Wanstead United Reformed Church
United Reformed Church, Wanstead

Looking at this imposing Grade II listed church in the east London suburb of Wanstead it would be hard to imagine its very unusual history.

Now well-connected by the Central Line and popular with young families, Wanstead in the 1860s was an Essex village with an expanding population and a growing  community of religious non-conformists without a purpose-built place of worship.
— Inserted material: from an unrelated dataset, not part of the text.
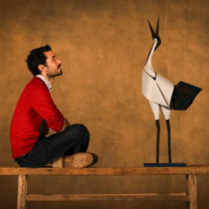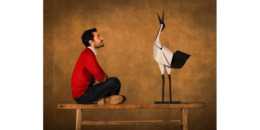 Ayant voyagé en Espagne, au Maroc &, avec un voilier, en Martinique, l’artiste français Jonathan Rebouillat rencontra une passionnée d’origami, qui l’inspira profondément. Après avoir vécu un an en Equateur, au cœur d’une tribu Kichwa, il commença, à l’âge 25 ans, à créer ses premiers origamis, son approche minimaliste étant basée sur quelques plis essentiels, suggérant des attitudes et des mouvements, rendant hommage, avec délicatesse & poésie, à la beauté du monde naturel.

They had been offered land by a Mr GH Wilkinson, but rejected as too costly the plans drawn up for building on it.

Wanstead Congregational Church Plan

The non-conformists knew a bargain when they saw one, and the bargain they saw was nine miles away on the Euston Road where the junction with Midland Road is now.  Here was a ready built church, only a few years old but already doomed by the onward march of the railway.
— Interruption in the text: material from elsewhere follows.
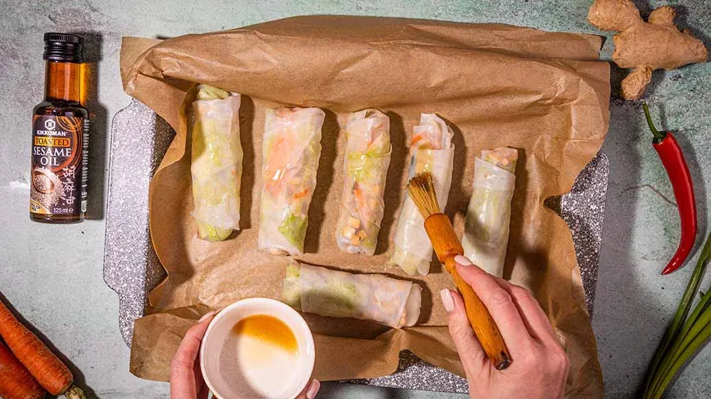 Liota riisipaperiarkkeja lämpimässä vedessä ja taputtele ne varovasti kuivaksi. Asettele kullekin arkille tofua sekä kasviksia ja kääri ne rullaksi. Voitele rullat Kikkoman seesamiöljyllä ja paista 200-asteisessa uunissa tai airfryerissa 15 minuuttia.

St Luke’s on the New Road (now Euston Road) was part of a Victorian church-building boom: 2,438 churches were built or re-built in England between 1851 and 1875 and St Luke’s was one of several planned to serve the needs of the ever-expanding  population in the large urban parish of St Pancras.
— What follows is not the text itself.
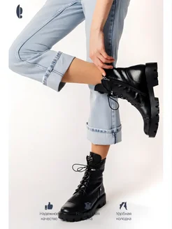 Ботинки черные натуральная кожа большие размеры на каблуке

Money had been short and work was slow.  It took five years to complete the project and even then funds were insufficient for the tall spire on top of the tower.

The smart new building of Kentish ragstone with Bath stone dressings, designed by architect John Johnson, finally opened in 1861.  However, the church was no competition for the might of the railway companies.  A mere two years after the church was completed, the Midland Railway Company secured an Act of Parliament that would allow it to extend its line down to London, compulsorily purchase the land in its way (including that occupied by the church) and replace it with the cathedral-like splendour of St Pancras Station.

Pragmatically, the church quickly capitulated, accepted £12,500 for their early surrender of the land and were allowed to keep the fabric of the building.

At this point those astute non-conformists in Wanstead made an offer of £526 to buy the fabric of St Luke’s.  This was accepted: Mr Reed a Walthamstow builder dismantled and transported the materials to Wanstead  at a cost of £2,000.  Even the crypt under the church was brought from the original site!  John Johnson, the original architect, was commissioned to adapt his design to fit the rather different shaped and sized plot of land available.

As for St Luke’s, they had enough money from the deal to commission Basil Champneys to build a replacement safely out of the way of the railways in Oseney Crescent, Kentish Town.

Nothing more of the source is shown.